A brick could be used to describe somebody hard and inflexible, and a blanket could be used to describe somebody warm and easygoing.
A brick represents a single unit, weak and useless alone, but useful and powerful when organized and grouped with other bricks. So it is with man.
Do I mind losing? No, because losses and wins are just the bricks on the path to success. Both losing and winning are needed to find prosperity.
A blanket could be used as a tablecloth, and a brick left as a tip.
My name is Mr. Brickton, and this brick, it weighs a ton.
I shit bricks, because I’m a constructive pooper.
Blankets could be used to stop exponential population growth. If we kept the people warm, maybe they wouldn’t try to heat themselves up through continual fornication.
A brick could used to translate and transform long cuneiform texts into shorter tweets. Sure, just take the brick and smash the clay tablets, and each broken fragment should be roughly 140 characters.

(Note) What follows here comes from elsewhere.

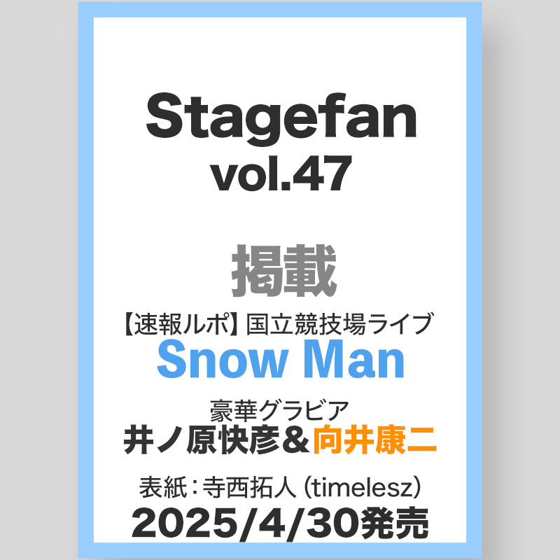 - 19日…Snow Man初スタジアムLIVE「Snow World」公演(4/19・20国立競技場、6/7・8日産スタジアム)(2025)

A brick could be used to communicate with the dead. I just spoke to Stalin, and he’s very pleased with the way America’s progressing, collectively, as a country.
A brick could be used as a response when the cops ask you if you murdered your mother-in-law. Forget yes or no. Well, forget yes altogether, but use brick for every response except one: What object did you use to carry out the killing?
A brick could be used like ice cream. But hold up, hold up. Let me put a bowl under it before you start licking, or else you’ll drip brick all over my blanket.